EXERCISE BRIEF ->
Please transcribe all of the entries exactly, leaving out any images.

RECORDED INFORMATION ->

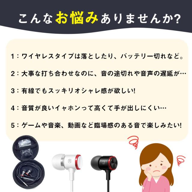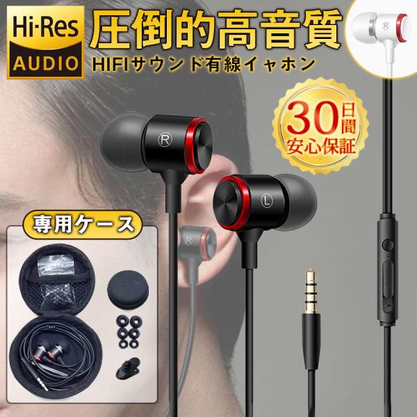イヤホン 有線 ケース付き イヤフォン マイク付き 有線イヤホン 通話可能 リモコン付き カナル型 高音質 音量調整 テレワーク 音量調節 3.5mm
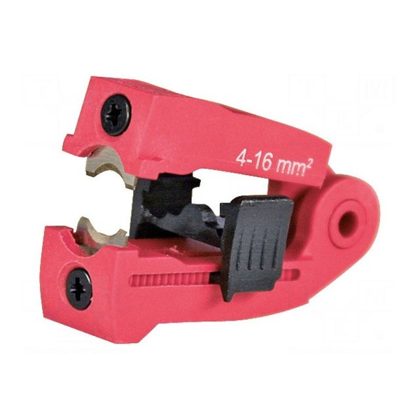 Szczęka stanowi część zamienną przeznaczoną do pracy z przewodami o przekroju od 4mm² do 16mm². Element charakteryzuje się zaokrąglonym profilem roboczym.
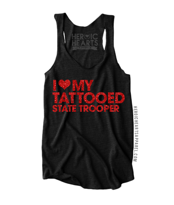 "I Love My Tattooed State Trooper", law enforcement shirt. Choose your apparel option and print color to make this completely customizable for you! Unsure of sizing? Click here for a size chart.
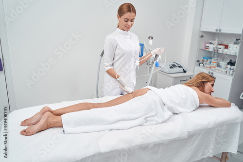 © Svitlana, Obraz premium Cheerful female professional doing massage for client
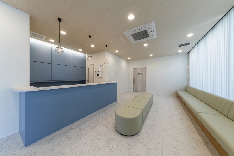 内部は待合室の壁一面を窓とし、光を多く取り込み、明るく、清潔感が感じられるように内装とともに計画しました。
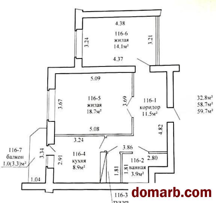 Площадь по СНБ 59,7 м2, общая – 58,7 м2, жилая –32,8 м2, кухня - 8,9 м2, гостиная – 18,7 м2. изолированная комната – 14,1 м2, совмещенный санузел 3,9 м2, прихожая – 11,5 м2 с большим встроенным шкафом.
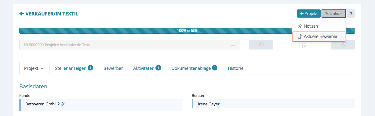 Viele Datensätze sind untereinander verlinkt (verknüpft). Wie z.B. angelegte Projekte oder Anfragen mit der aktuellen Bewerberübersicht auf diese/s eine Projekt/Anfrage.
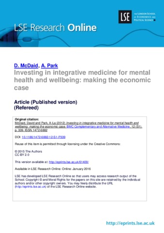 Investing in integrative medicine for mental health and wellbeing: making the economic case

WRITTEN RESPONSE ->
イヤホン 有線 ケース付き イヤフォン マイク付き 有線イヤホン 通話可能 リモコン付き カナル型 高音質 音量調整 テレワーク 音量調節 3.5mm
 Szczęka stanowi część zamienną przeznaczoną do pracy z przewodami o przekroju od 4mm² do 16mm². Element charakteryzuje się zaokrąglonym profilem roboczym.
 "I Love My Tattooed State Trooper", law enforcement shirt. Choose your apparel option and print color to make this completely customizable for you! Unsure of sizing? Click here for a size chart.
 © Svitlana, Obraz premium Cheerful female professional doing massage for client
 内部は待合室の壁一面を窓とし、光を多く取り込み、明るく、清潔感が感じられるように内装とともに計画しました。
 Площадь по СНБ 59,7 м2, общая – 58,7 м2, жилая –32,8 м2, кухня - 8,9 м2, гостиная – 18,7 м2. изолированная комната – 14,1 м2, совмещенный санузел 3,9 м2, прихожая – 11,5 м2 с большим встроенным шкафом.
 Viele Datensätze sind untereinander verlinkt (verknüpft). Wie z.B. angelegte Projekte oder Anfragen mit der aktuellen Bewerberübersicht auf diese/s eine Projekt/Anfrage.
 Investing in integrative medicine for mental health and wellbeing: making the economic case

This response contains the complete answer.